As I posted previously, I am highly skeptical that any foolproof system can be developed to screen for potential threats.  My previous argument was that in order to have a zero false negative rate for identifying terrorists, it would be impossible to not also have a relatively significant false positive rate.  In other words, the only way to guarantee that a terrorist doesn’t board a plane is to not let anyone board.  A way to visualize this graphically is with what is called a receiver operating characteristic or ROC curve, which is a plot of the true positive rate versus the false positive rate for a binary classification test as some parameter, usually a discrimination threshold, is changed.  Ideally, one would like  a curve that jumps to a true positive rate of 1 for zero false positive rate.  The area under the ROC curve (AROC) is the usual measure for how good a discriminator is.  So a perfect discriminator has AROC = 1.  In  my experience with biological systems,  it is pretty difficult to make a test with an AROC of greater than 90%.    Additionally, ROC curves are usually somewhat smooth so that they only reach true positve rate = 1  at false positive rate = 1.

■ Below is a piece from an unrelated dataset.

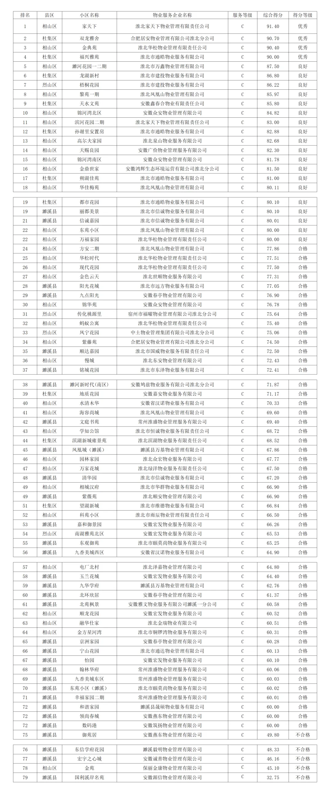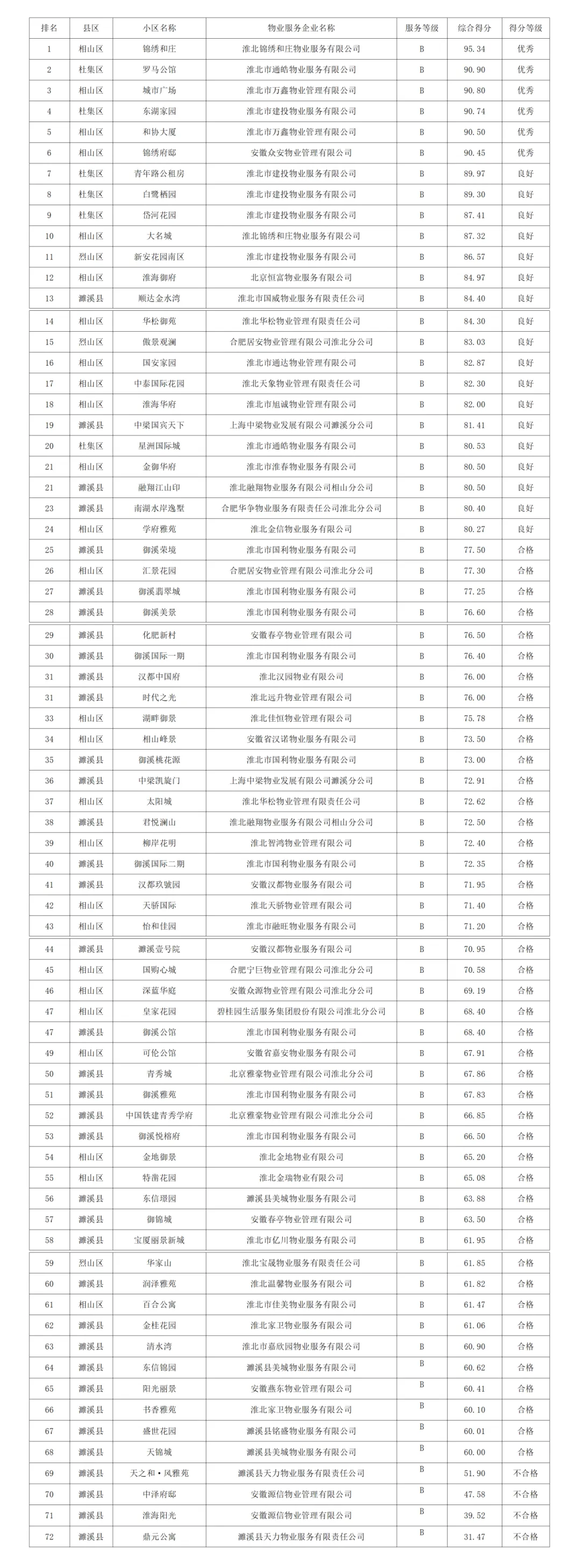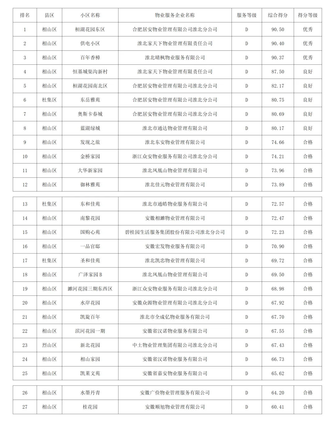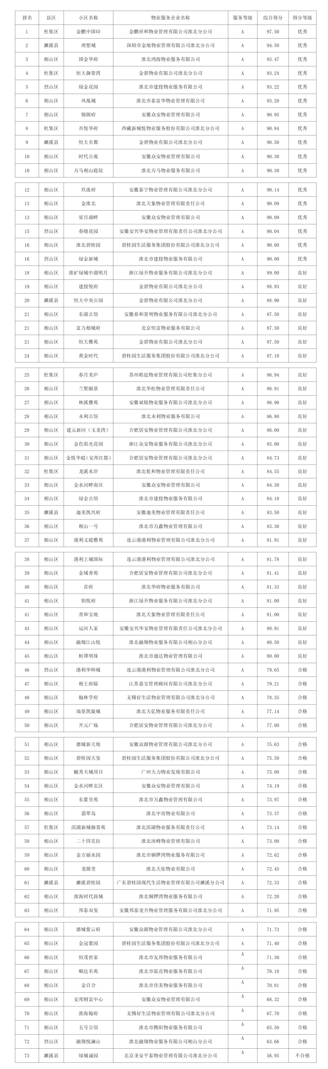 按照《安徽省物业管理条例》《淮北市住宅物业服务标准》《安徽省物业服务第三方评价技术标准》(DB34/T3959-2021)相关要求,淮北市房产管理服务中心委托第三方评估机构(淮北市物业服务行业协会)对全市物管小区开展2025年第三季度物业服务质量测评工作。测评结果按项目收费等级A、B、C、D四类分别按总得分降序排名,90分(含)以上为优秀,80分(含)-90分(不含)为良好,60分(含)-80分(不含)为合格,60分以下为不合格。本次共计测评251个小区,其中处于优秀水平的共计有30个,占12%,良好水平的共计有70个,占28%,合格水平的共计有141个,占56.1%,不合格的共计有10个,占3.9%。现将2025年第三季度物管小区物业服务质量测评结果数据予以发布。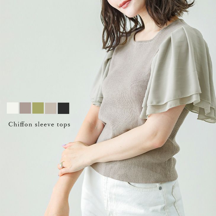 トップス 半袖 シフォン フリル袖 リブニット トップス 半袖 シフォン フリル袖 リブニット 異素材 カットソー レディース メール便 2025春夏新作 【lstp204-364】【即納:1-5営業日】【送料無料】ユ込3

Practicalities aside, is there any mathematical reason why a perfect or near perfect discriminator couldn’t be designed?  This to me is the more interesting question.  My guess is that deciding if a person is a terrorist is an NP hard question, which is why it is so insidious.   For any NP problem, it is simple to verify the answer but hard to find one.   Connecting all the dots to show that someone is a terrorist is a straightforward matter if you already know that they are a terrorist.  This  is also true of proving the Riemann Hypothesis or solving the 3D Ising model.  The  solution is obvious if you know the answer. If terrorist finding is NP hard, then that means for a large enough population and I think 5 billion qualifies, then no method nor achievable amount of computational power is sufficient to do the job perfectly.